▶ _Task item_: Within the entries below, please return exactly the lines from the one with "Plac zabaw przy" through the one with "С 1971 по 1974", leaving out any pictures.

▶ _Records provided_:
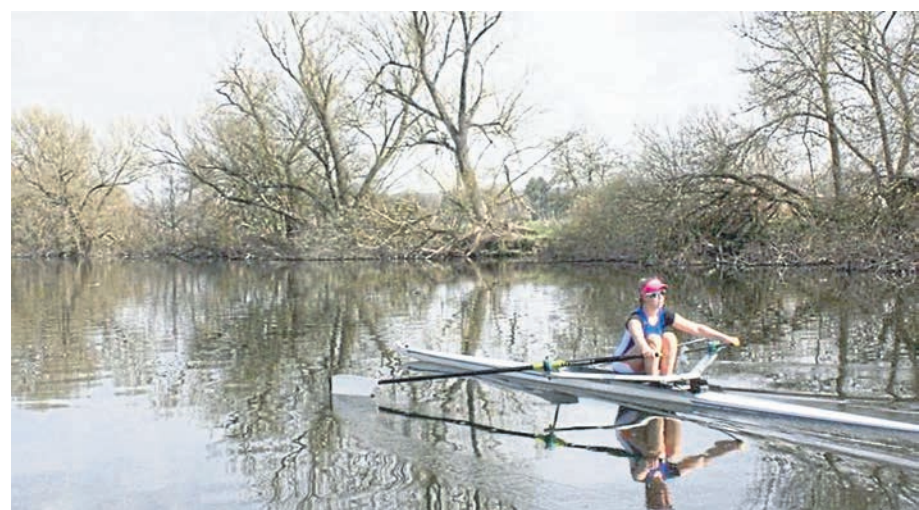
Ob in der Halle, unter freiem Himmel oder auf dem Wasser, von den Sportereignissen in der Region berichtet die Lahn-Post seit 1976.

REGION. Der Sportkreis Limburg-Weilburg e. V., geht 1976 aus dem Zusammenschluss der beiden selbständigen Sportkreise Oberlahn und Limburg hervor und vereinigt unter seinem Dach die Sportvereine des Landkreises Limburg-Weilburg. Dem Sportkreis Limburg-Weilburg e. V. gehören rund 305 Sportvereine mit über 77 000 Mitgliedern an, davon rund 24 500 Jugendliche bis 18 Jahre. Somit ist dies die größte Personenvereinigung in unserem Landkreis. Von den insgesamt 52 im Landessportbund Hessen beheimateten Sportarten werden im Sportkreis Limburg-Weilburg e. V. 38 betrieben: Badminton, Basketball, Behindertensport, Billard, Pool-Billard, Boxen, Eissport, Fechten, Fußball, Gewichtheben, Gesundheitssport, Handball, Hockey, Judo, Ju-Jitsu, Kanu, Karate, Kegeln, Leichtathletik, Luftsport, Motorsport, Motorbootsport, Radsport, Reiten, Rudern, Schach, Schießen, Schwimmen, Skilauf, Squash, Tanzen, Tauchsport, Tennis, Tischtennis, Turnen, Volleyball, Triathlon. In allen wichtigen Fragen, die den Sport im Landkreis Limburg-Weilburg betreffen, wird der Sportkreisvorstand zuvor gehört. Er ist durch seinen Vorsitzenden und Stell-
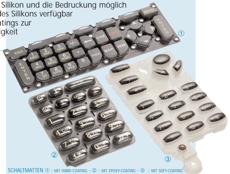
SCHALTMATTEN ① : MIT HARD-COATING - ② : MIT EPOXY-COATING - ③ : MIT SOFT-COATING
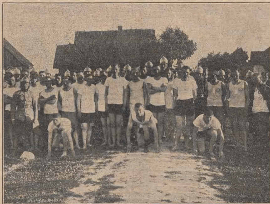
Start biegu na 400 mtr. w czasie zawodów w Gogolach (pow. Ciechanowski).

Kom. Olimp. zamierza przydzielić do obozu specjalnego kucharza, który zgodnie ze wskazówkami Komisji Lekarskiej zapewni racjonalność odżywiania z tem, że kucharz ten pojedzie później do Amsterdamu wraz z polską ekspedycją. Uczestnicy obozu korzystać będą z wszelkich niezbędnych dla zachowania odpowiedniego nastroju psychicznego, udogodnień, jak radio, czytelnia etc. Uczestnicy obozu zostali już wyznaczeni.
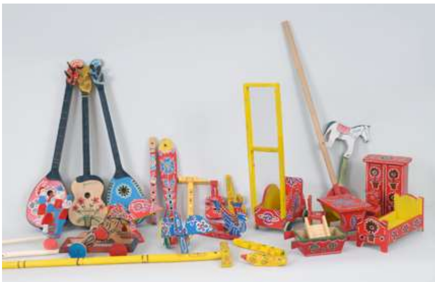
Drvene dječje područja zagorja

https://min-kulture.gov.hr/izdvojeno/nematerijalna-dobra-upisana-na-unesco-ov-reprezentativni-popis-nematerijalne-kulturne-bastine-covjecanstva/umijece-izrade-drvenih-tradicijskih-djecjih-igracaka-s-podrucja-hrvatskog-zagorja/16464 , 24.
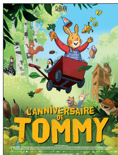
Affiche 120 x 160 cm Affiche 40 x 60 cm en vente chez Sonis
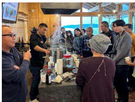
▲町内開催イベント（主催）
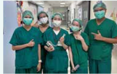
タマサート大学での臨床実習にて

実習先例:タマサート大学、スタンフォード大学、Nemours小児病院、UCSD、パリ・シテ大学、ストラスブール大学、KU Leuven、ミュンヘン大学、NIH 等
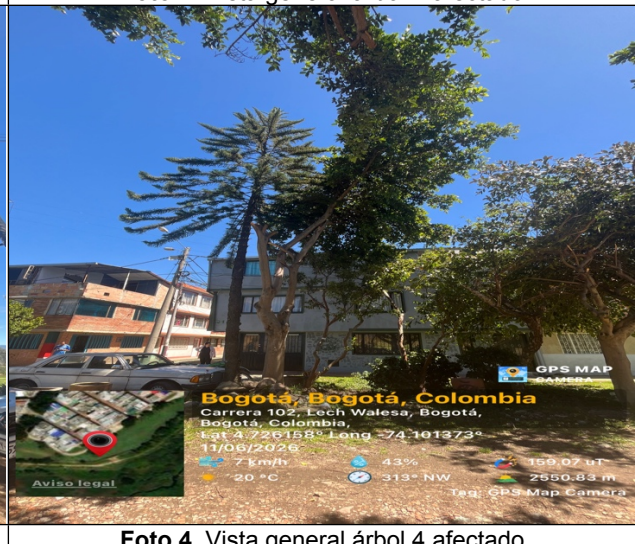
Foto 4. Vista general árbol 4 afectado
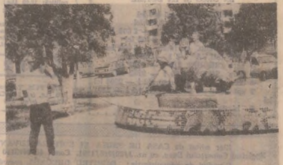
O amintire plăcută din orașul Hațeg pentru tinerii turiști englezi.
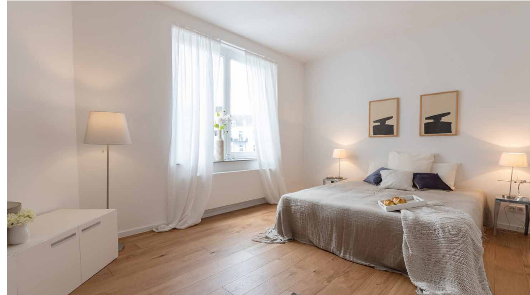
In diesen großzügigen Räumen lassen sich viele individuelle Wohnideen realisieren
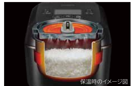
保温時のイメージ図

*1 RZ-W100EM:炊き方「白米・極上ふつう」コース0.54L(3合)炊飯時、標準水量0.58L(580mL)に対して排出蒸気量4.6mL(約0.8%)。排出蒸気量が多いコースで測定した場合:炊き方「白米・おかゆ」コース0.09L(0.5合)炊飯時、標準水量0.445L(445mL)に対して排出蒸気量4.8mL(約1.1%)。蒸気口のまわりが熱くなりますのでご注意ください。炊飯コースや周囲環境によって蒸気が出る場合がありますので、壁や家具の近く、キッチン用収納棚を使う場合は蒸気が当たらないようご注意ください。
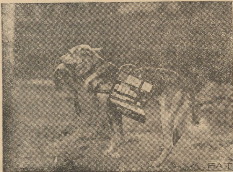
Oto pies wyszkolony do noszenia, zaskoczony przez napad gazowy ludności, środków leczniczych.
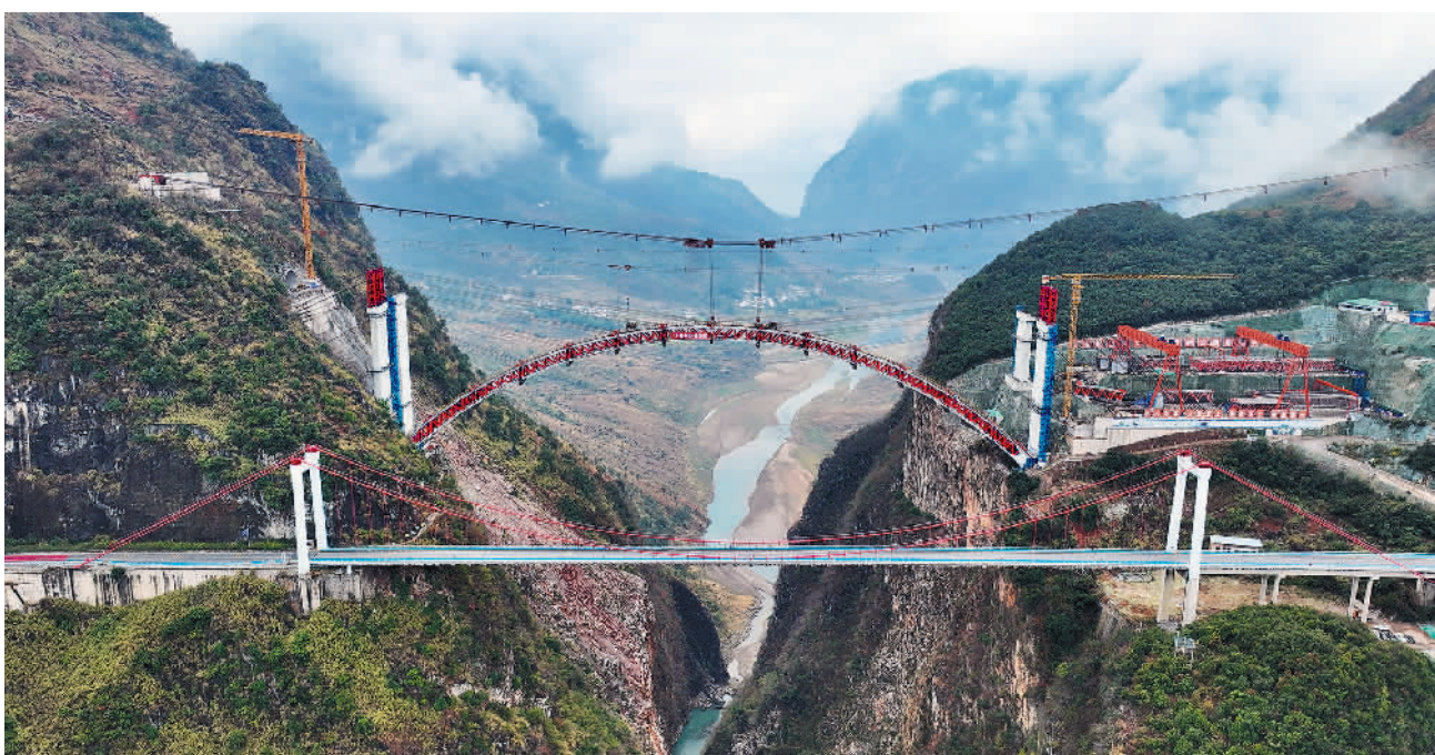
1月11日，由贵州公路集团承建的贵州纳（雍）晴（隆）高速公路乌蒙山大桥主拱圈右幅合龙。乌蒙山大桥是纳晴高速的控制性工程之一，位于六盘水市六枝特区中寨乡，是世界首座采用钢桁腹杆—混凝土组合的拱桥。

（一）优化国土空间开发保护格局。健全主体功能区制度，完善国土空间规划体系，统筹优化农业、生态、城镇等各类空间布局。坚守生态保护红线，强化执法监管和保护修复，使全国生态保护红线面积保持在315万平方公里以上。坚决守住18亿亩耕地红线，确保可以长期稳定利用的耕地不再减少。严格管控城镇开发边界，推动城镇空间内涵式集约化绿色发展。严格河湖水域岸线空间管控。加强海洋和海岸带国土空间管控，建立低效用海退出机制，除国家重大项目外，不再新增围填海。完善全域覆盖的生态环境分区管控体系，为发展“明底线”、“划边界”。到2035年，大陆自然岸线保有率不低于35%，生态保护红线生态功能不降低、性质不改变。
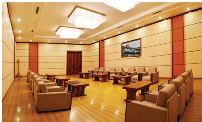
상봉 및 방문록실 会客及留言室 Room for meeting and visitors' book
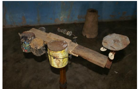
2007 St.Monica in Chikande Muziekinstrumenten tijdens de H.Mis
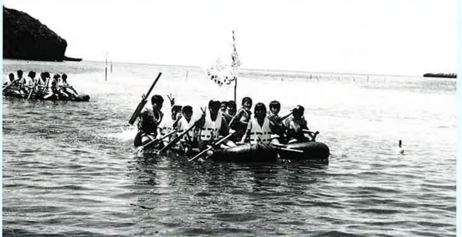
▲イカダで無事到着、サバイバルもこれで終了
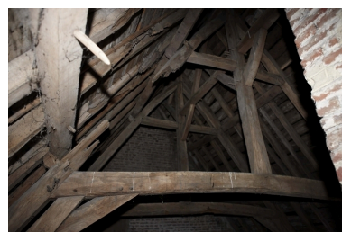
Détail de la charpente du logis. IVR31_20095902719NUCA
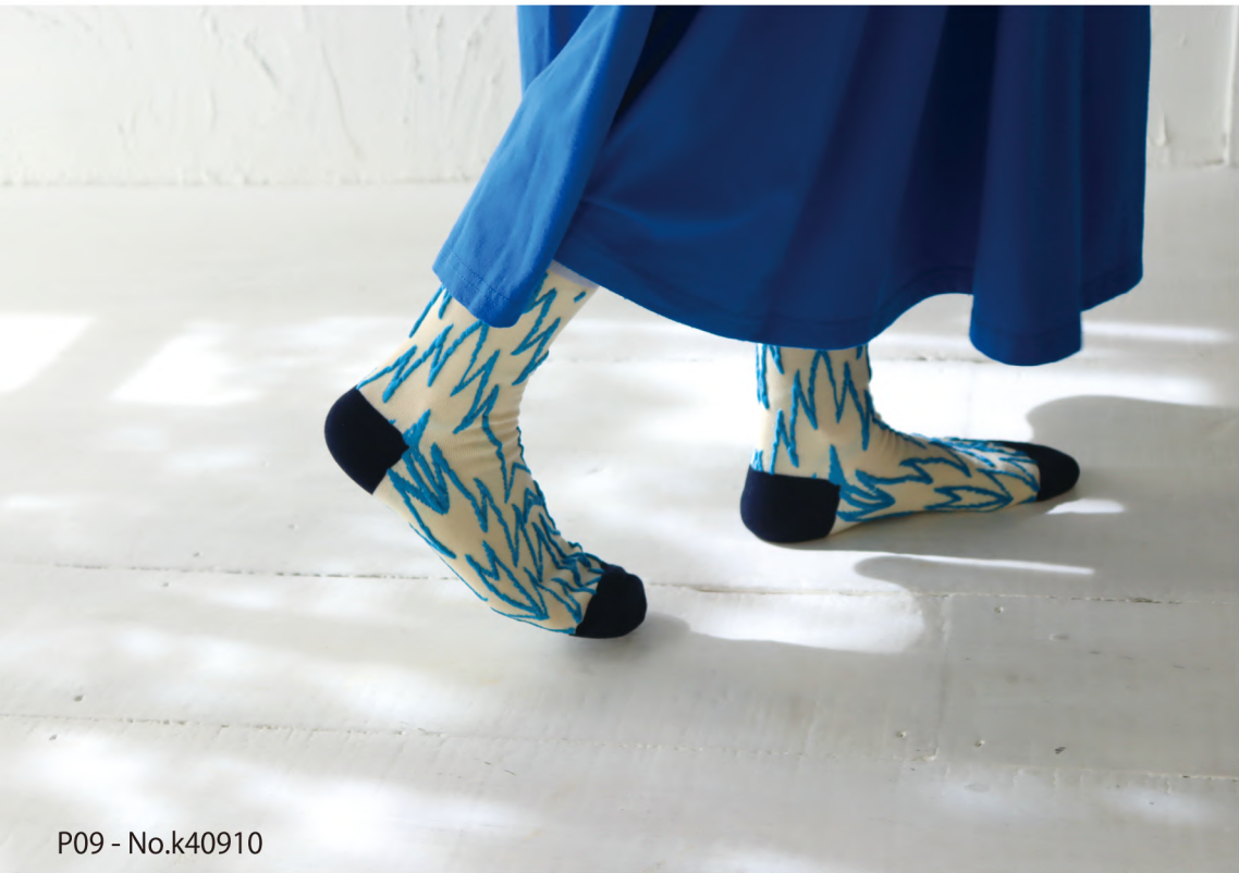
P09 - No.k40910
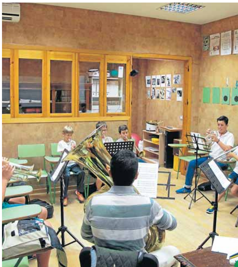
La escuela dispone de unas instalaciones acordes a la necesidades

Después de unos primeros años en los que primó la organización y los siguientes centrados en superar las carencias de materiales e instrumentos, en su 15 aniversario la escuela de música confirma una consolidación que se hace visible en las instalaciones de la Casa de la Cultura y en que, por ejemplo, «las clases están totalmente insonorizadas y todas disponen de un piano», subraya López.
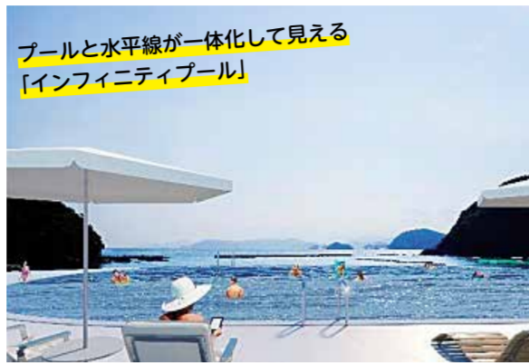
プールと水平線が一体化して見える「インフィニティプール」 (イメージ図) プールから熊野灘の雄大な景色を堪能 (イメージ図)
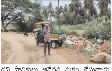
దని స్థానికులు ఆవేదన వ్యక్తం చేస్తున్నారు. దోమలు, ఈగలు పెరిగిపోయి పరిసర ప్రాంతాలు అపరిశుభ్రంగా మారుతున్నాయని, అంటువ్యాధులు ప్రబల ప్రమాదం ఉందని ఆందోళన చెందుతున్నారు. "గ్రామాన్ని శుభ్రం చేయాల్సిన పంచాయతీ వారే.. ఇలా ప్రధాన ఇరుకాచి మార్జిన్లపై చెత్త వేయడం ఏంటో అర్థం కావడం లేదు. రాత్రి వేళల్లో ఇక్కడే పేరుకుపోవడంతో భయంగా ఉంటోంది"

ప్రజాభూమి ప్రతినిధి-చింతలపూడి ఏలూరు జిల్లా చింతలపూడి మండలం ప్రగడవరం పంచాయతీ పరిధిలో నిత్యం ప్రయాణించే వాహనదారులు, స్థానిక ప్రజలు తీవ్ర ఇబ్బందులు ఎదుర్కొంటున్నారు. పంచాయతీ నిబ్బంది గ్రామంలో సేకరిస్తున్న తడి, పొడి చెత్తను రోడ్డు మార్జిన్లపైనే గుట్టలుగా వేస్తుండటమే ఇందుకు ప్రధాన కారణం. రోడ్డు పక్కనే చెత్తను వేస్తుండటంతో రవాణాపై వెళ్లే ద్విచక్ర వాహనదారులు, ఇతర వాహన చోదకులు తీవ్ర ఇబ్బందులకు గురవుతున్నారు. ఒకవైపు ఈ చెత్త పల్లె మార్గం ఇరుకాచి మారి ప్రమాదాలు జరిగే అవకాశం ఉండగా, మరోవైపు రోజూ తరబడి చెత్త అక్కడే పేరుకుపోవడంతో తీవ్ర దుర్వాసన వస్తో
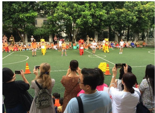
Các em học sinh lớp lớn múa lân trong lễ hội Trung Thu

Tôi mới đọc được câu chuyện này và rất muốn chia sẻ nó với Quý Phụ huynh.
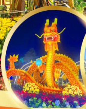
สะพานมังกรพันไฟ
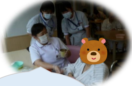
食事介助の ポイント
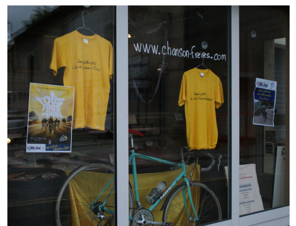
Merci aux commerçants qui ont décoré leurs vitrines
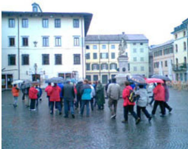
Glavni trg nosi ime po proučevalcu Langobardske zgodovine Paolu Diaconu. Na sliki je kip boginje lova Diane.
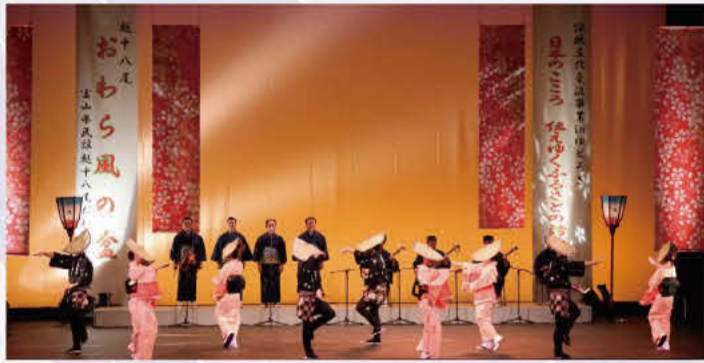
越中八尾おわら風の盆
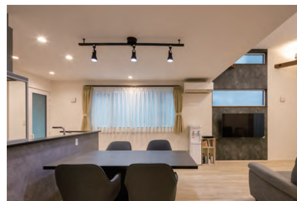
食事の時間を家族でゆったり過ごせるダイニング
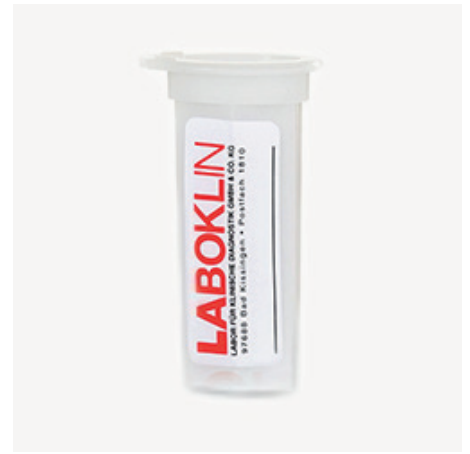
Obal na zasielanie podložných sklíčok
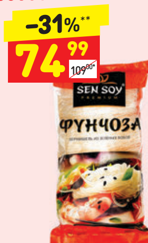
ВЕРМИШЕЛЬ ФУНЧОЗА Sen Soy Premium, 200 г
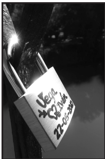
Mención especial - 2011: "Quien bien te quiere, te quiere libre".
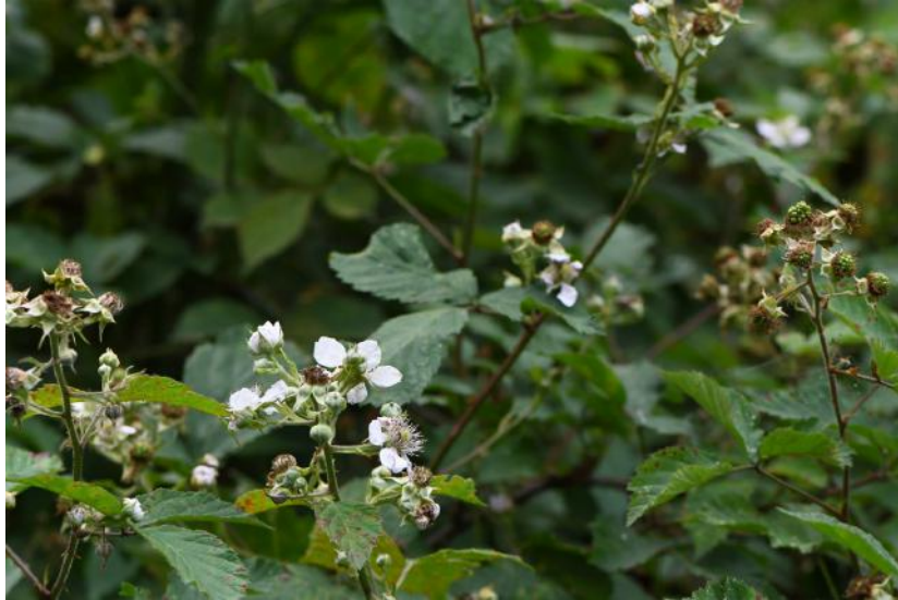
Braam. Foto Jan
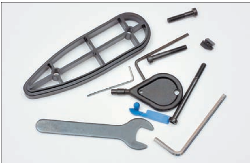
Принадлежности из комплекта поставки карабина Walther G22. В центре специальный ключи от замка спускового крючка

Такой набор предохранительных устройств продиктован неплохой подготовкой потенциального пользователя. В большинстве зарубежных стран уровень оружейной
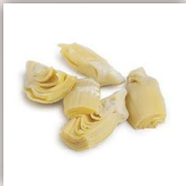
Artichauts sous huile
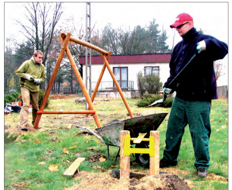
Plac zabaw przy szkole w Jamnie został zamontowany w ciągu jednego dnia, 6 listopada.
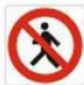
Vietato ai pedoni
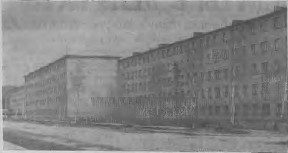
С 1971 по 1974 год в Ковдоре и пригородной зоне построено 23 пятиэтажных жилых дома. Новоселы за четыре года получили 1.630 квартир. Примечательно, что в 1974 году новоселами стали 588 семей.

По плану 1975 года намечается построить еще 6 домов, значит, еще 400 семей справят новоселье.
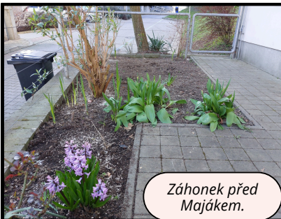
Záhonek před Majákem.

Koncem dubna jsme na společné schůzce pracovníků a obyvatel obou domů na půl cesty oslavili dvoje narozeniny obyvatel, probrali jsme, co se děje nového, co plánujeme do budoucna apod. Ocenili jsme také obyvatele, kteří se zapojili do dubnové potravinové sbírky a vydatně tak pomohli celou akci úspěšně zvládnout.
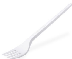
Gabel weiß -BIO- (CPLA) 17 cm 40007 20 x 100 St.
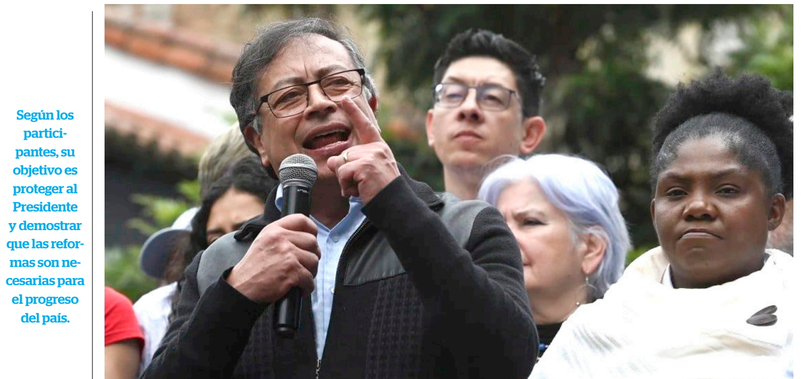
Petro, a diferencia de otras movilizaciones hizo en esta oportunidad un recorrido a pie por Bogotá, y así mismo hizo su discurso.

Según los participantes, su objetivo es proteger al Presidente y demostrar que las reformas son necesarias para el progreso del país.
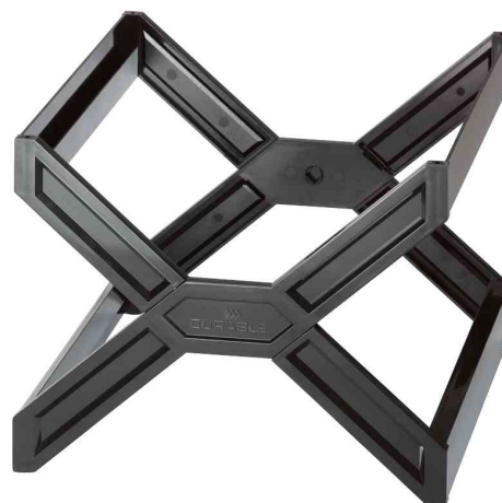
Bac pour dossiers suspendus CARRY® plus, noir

▶ _Worked solution_:
Plac zabaw przy szkole w Jamnie został zamontowany w ciągu jednego dnia, 6 listopada.
Vietato ai pedoni
С 1971 по 1974 год в Ковдоре и пригородной зоне построено 23 пятиэтажных жилых дома. Новоселы за четыре года получили 1.630 квартир. Примечательно, что в 1974 году новоселами стали 588 семей.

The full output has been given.